Put out more flags! Ring the bells and light the beacons, the austerity war against the people is over! The prime minister said: “The British people need to know the end is in sight. And our message to them must be: we get it.”
But “getting it” doesn’t mean doing it: announcing it may be all that matters. Consider how easily her promised £20bn a year for the NHS has taken the ongoing crisis in hospitals and GP surgeries off the front pages, without a penny spent and winter approaching. Paul Johnson of the Institute for Fiscal Studies said today that, on top of this, £20bn extra by the end of the parliament would only stop further cuts, with the funds consumed by rising numbers of older people. That’s a sobering thought – such a large sum just to stand still.
Look around at the wreckage of eight years of cuts, and the enormity of what they have done is daunting. This is the real deficit, the uncounted one, yet far more damaging than the one on the Treasury books, which is now below its peacetime average. The public sees it in potholes, dilapidated parks, the rarity of police, closing post offices and advice centres, vanishing public officials in railway stations and everywhere else. The collapse of high streets may be partly due to online buying, but as people have less to spend, those shuttered shops become the face of austerity and neighbourhood decline.

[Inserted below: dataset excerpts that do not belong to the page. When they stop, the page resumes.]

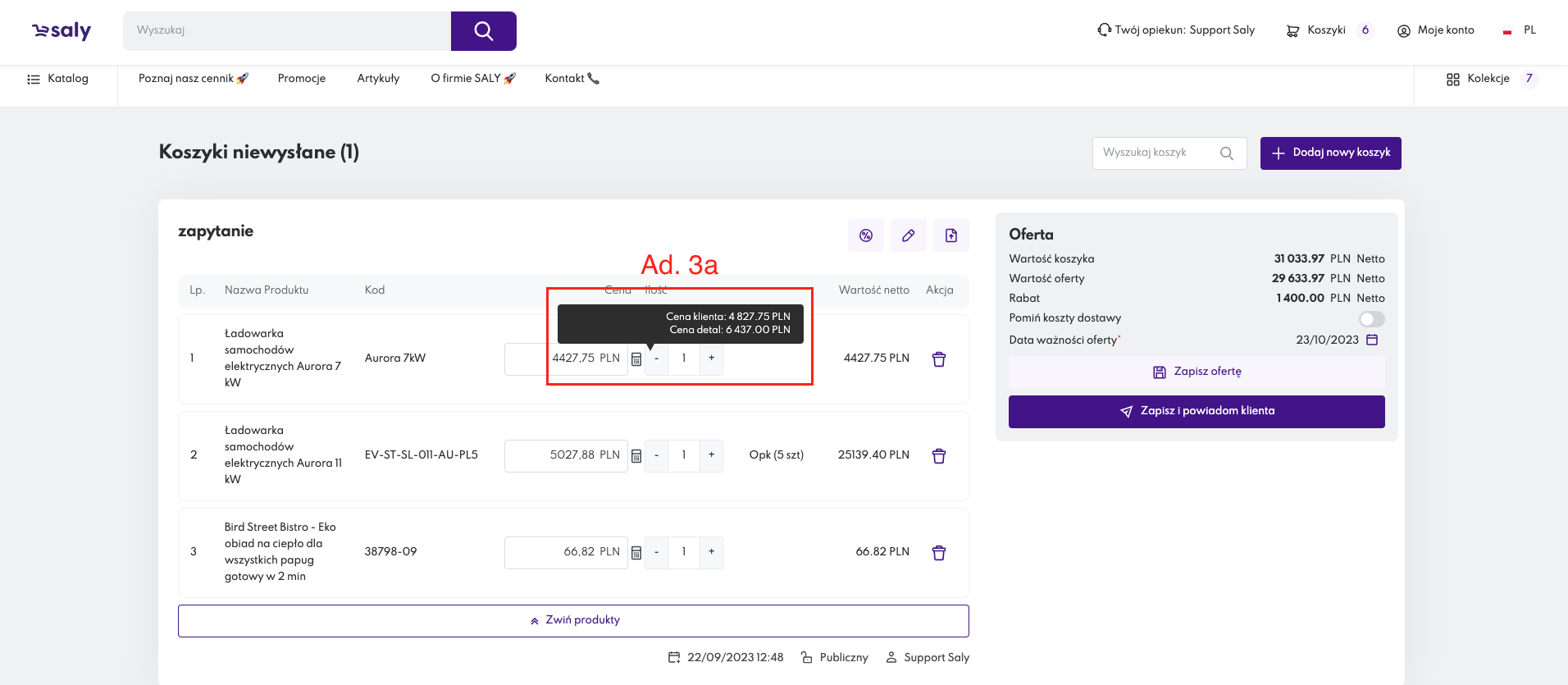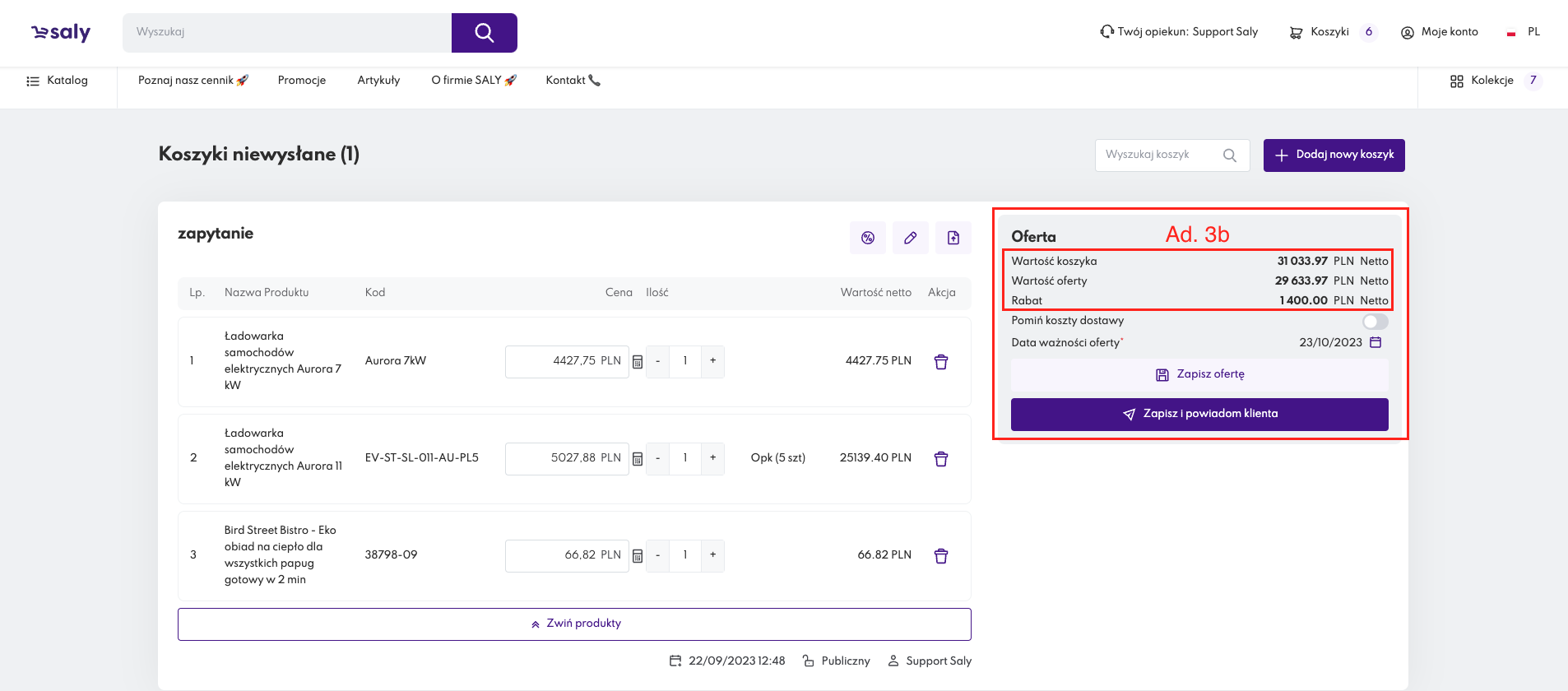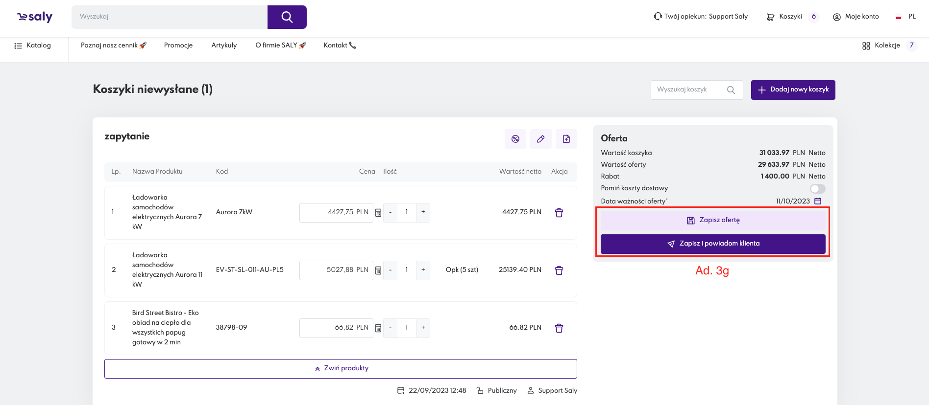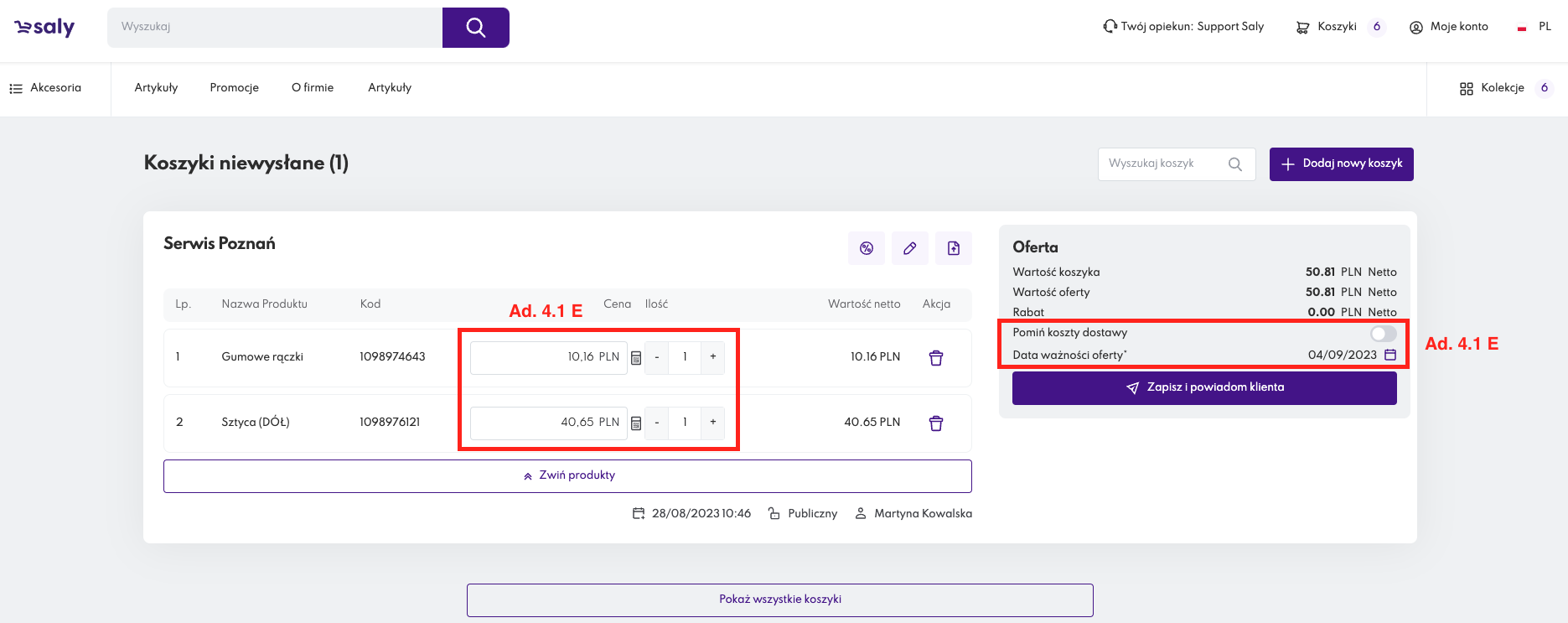 F. po zakończeniu konfiguracji Oferty specjalnej użyj przycisku Zapisz i powiadom klienta. Wówczas, do właściciela koszyka zostanie przesłana notyfikacja mailowa informująca o przygotowanej Ofercie specjalnej. Kopia wiadomości zostanie wysłana także na Twój adres mailowy.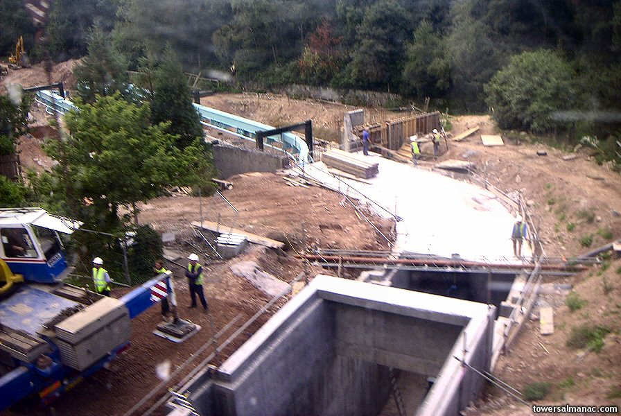 The concrete roof of the first tunnel is now being placed, suggesting that track has been placed. Lift hill motors are also being installed.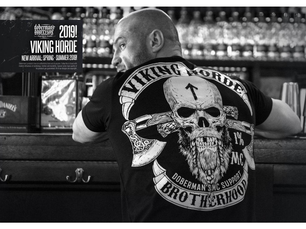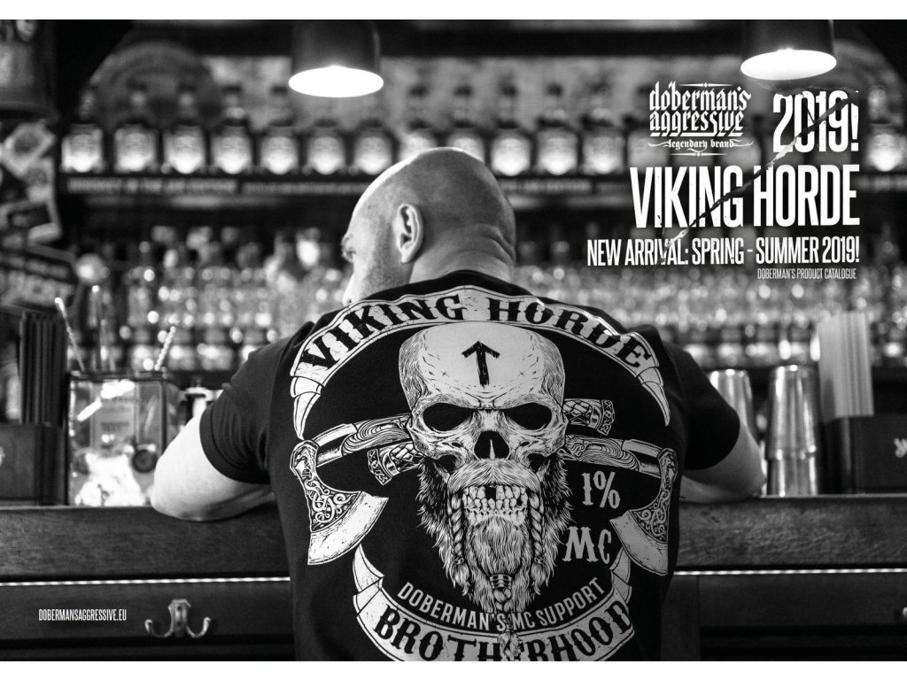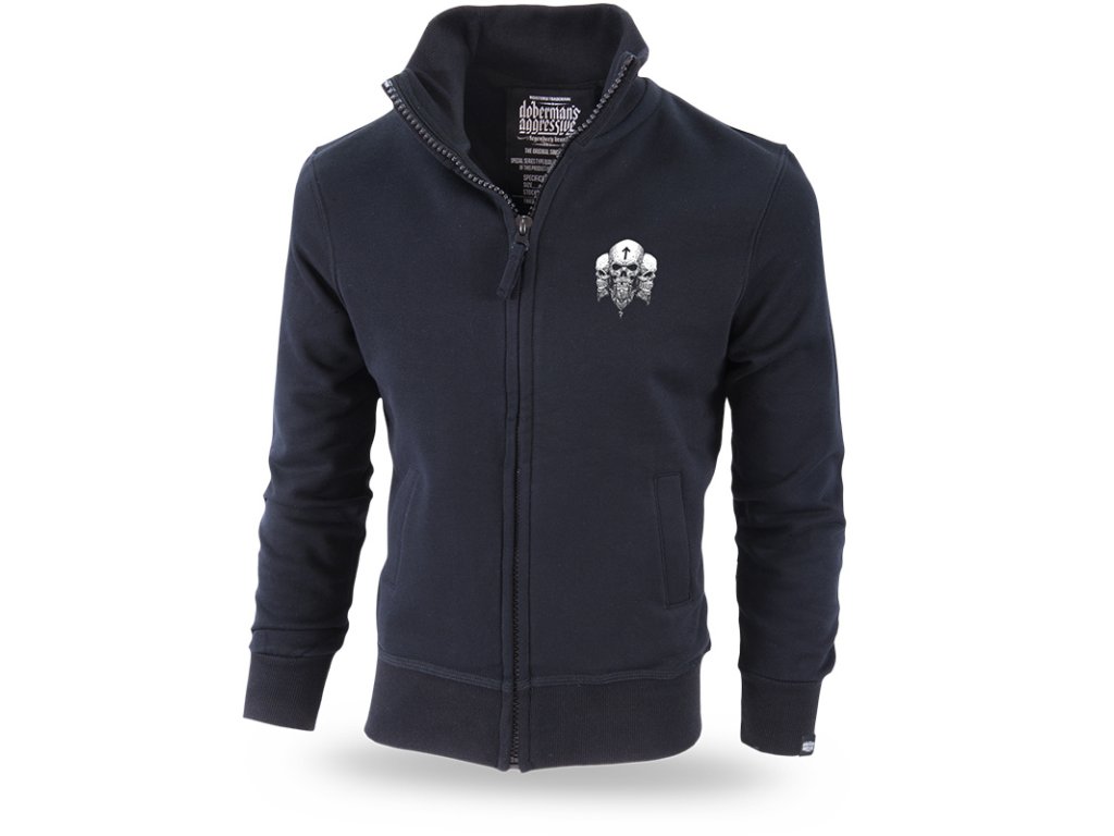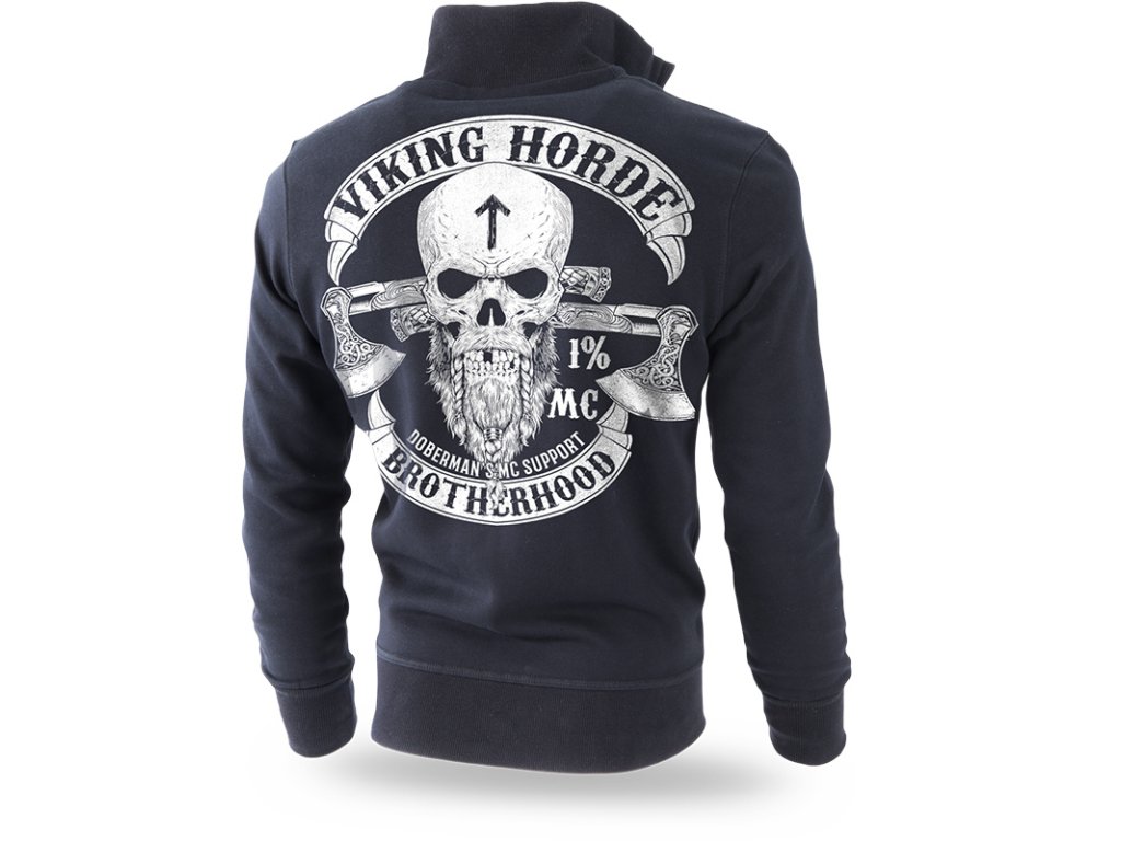 Dvě kapsy na přední straně. Uvnitř je velká cedulka s logem Dobermans Aggressive. Tři nevelké lebky jsou vytištěny na přední straně mikiny. Zadní část je pokrytá vzorem s lebkou Vikinga, za ní se nachází dvě zdobené sekery. Celek je uzavřený dvěma prapory s nápisy Viking Horde a Brotherhood. Vzory navazují na severskou mytologii. Kolekce Vikings.

How long would it take to repair all this? The IFS says “historically unprecedented” cuts have brought public spending back to below its pre-crash level. Yet there are still monstrous extra cuts scheduled for the next three years: harshest is the £12bn still to fall on benefits, as universal credit, the benefit cap and freezes knock flat already hard-up low-paid families, draining spending from poorer places, with median earnings still 3% below 2008. Expect no cancellation of that in the budget.
Brexit uncertainty – crash or slow decline – makes any dip in austerity unlikely. How will the Treasury respond to another shock? As Keynesians, investing in public spending to avert recession, or like George Osborne, cutting deeper into the headwinds, maximising harm? With £500m a week of GDP already lost by Brexit, Whitehall is hiring 9,000 more civil servants, Defra is bringing in 1,200 more staff and Border Force is also swelling – pointless spending eating up funds that could ease austerity.
Theresa May’s one vital anti-austerity announcement was ending the cap on councils’ borrowing to invest in house building, reversing Osbornomics’ craziest policy. Council housing is an asset that, through rents, yields a profit over the years. New towns made money, recouping investment: Labour’s great failure was bowing to the nimbyism that blocked their six promised new eco-towns. It matters not a jot how much is added to the national debt when it adds capital with a long mortgage: the government needs a clearer divide between good national debt arising from investment, and bad debt from increased current spending that only swells through fear of taxing enough to cover it.
Now, the sky is the limit for councils to invest: my own council, Camden, has plentiful shovel-ready housing plans awaiting this freedom. But here’s one crucial caveat: the right to buy has to stop. What’s the point of Camden building, only to sell off homes at up to a 70% discount before the investment is repaid? Lenders won’t shell out for assets that vanish off the books. If the government wants to help tenants buy, then use other schemes in the private sector, without depleting housing that a million people are waiting for, destined to for ever rent privately, paid for by sky-rocketing housing benefit.
What’s promised at conference all too often stays at conference: May will barely ease austerity, if at all – but her words raise dangerous expectations. What’s more, she opens the buzzing box on difficult questions. Surveying the tree stumps of the public sector battlefield, where would you start unravelling austerity? Everywhere you look, outstretched hands beg for their cause.
Schools have lost £2bn in three years, with 66,000 more pupils, so forget the education secretary’s strutting conference promise of “world-class education for everyone”. What of the arts and music vanished from schools? But then should schools even come first when early years teaching does more to set children on the path: rebuild vanishing Sure Start first. Social care for old and disabled people is collapsing, as is health visiting for new babies. What of prisons’ exploding violence? (No, just put fewer in jail and use savings for community sentences). Meanwhile, councils go bankrupt, and number of children in care soars for lack of social workers. Reopen libraries and swimming pools? Bring back the education maintenance allowance? How do we solve abysmal productivity, when apprenticeships fell by 28%?
Once people ponder what comes first, Labour will find itself equally torn by urgent pleas to repair the damage. Would free student fees really still come top? With time to think before its next manifesto, is it right to guarantee old people’s triple-locked pensions while young families fall behind? If Bevan was right and “the language of priorities is the religion of socialism”, easing up on austerity will require extremely painful socialist decisions. But who comes first for generosity is a problem unlikely to confront this government, whose austerity would go on and on through the next decade, if they got the chance.